Thread overview
[Issue 23179] Unicode in symbol names in DLLs breaks MSVC linker
Jun 12, 2022
kinke
Jun 12, 2022
Richard Cattermole
Jun 12, 2022
Dlang Bot
Jun 13, 2022
Richard Cattermole
Jan 26, 2023
Walter Bright
Jan 26, 2023
Richard Cattermole
Jan 28, 2023
Richard Cattermole
June 12, 2022
https://issues.dlang.org/show_bug.cgi?id=23179

kinke <kinke@gmx.net> changed:

           What    |Removed                     |Added
----------------------------------------------------------------------------
                 CC|                            |kinke@gmx.net

--- Comment #1 from kinke <kinke@gmx.net> ---
To be clear, we're talking about linker directives (cmdline option strings) embedded in COFF object files. LDC uses UTF8 encoding for these (IIRC), and those do work with the LLD linker, but don't with the MS linker. So I *guess* the MS linker expects some other encoding.

--
June 12, 2022
https://issues.dlang.org/show_bug.cgi?id=23179

--- Comment #2 from Richard Cattermole <alphaglosined@gmail.com> ---
After a bunch of hunting wrt. GetProcAddress, it seems Microsoft does not intend for exports to support anything other than ANSI. There are no A/W versions of this function which based upon consistency means that it only takes ANSI.

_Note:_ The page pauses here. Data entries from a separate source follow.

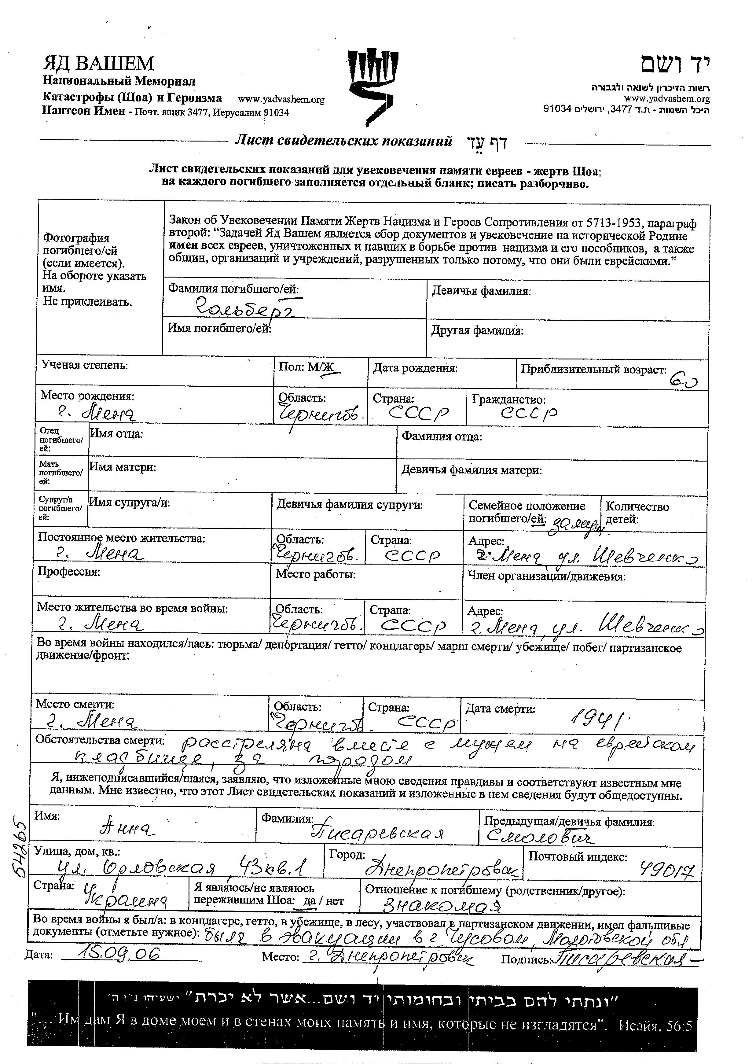 Golberg First name unknown Mena, Ukraine (USSR) Page of Testimony
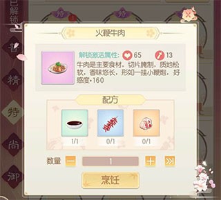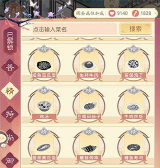 提醒一下,上面提到的普料就是普通调料的意思,而秘料就是秘制香料的意思。当然,游戏里面除了上面提到这三种菜谱之外,还有特品、精品以及普通另外三种菜谱,不过相比较之下,剩余的这三种是相对容易集齐的。
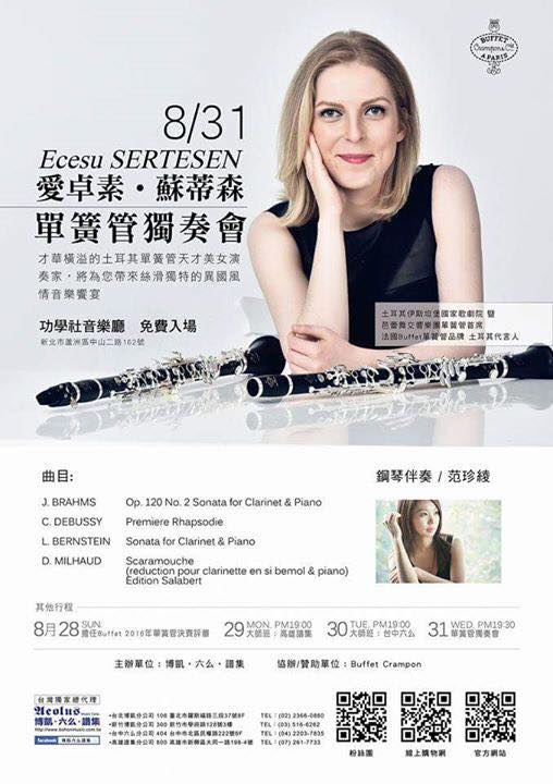 Ecesu Sertesen - Solo Clarinetist at the Istanbul State Opera and Ballet Orchestra (Turkey) in parallel with her International Solo and Chamber music career, participating as Soloist, Master Class Teacher, and Judge in Tiawan with the Buffet International Clarinet Competition
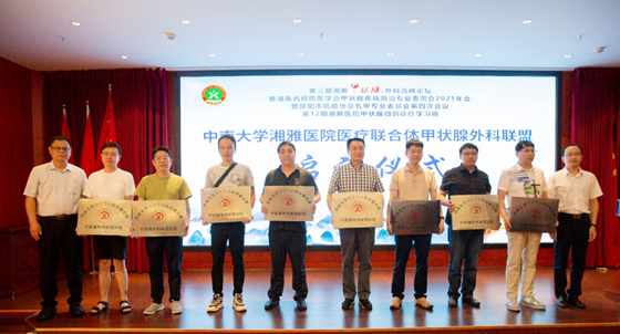 为推进甲状腺癌规范化诊治,推进诊疗新技术在基层医院开展,7月23至24日,第三届湘雅甲状腺外科高峰论坛会议在湖南邵阳顺利召开。本次会议同时举办了中南大学湘雅医院医疗联合体甲状腺外科专科联盟成立仪式,湘雅常德医院普外科加入该联盟。

Which gets us back to the fact that we will probably need to sanitize mangling to not include Unicode, at least on Windows.

--
June 12, 2022
https://issues.dlang.org/show_bug.cgi?id=23179

Dlang Bot <dlang-bot@dlang.rocks> changed:

           What    |Removed                     |Added
----------------------------------------------------------------------------
           Keywords|                            |pull

--- Comment #3 from Dlang Bot <dlang-bot@dlang.rocks> ---
@rikkimax created dlang/dmd pull request #14207 "[DO NOT MERGE] Fix Issue 23179 - Unicode in symbol names in DLLs breaks MSVC linker" fixing this issue:

- Fix Issue 23179 - Unicode in symbol names in DLLs breaks MSVC linker

https://github.com/dlang/dmd/pull/14207

--
June 13, 2022
https://issues.dlang.org/show_bug.cgi?id=23179

--- Comment #4 from Richard Cattermole <alphaglosined@gmail.com> ---
Created attachment 1854
  --> https://issues.dlang.org/attachment.cgi?id=1854&action=edit
Attempted fix as patch

After talking with kinke, we have decided to wait for this to appear in the wild before fixing.

I've attached my proposed fix as a patch, in case something happens to my fork with the branch containing it.

If you experience this please do reply!

--
January 26, 2023
https://issues.dlang.org/show_bug.cgi?id=23179

Walter Bright <bugzilla@digitalmars.com> changed:

           What    |Removed                     |Added
----------------------------------------------------------------------------
             Status|NEW                         |RESOLVED
                 CC|                            |bugzilla@digitalmars.com
         Resolution|---                         |WONTFIX

--- Comment #5 from Walter Bright <bugzilla@digitalmars.com> ---
There are other limitations on names we accept on Windows, such as the file names being insensitive to case. This has tripped up a handful of people, but people do accept it for what it is. It's not an onerous limitation.

If the Microsoft linker fails at Unicode characters, so be it. Turning them into hex makes the mangled names even uglier and longer. Demangling them also becomes another problem.

I suggest to just let Microsoft worry about this issue. They'll probably eventually fix their linker anyway. It's not worth us fixing it, then unfixing it when MS updates their linker.

So WONTFIX.

--
January 26, 2023
https://issues.dlang.org/show_bug.cgi?id=23179

--- Comment #6 from Richard Cattermole <alphaglosined@gmail.com> ---
They won't eventually fix this.

It permeates the kernel and WinAPI as well.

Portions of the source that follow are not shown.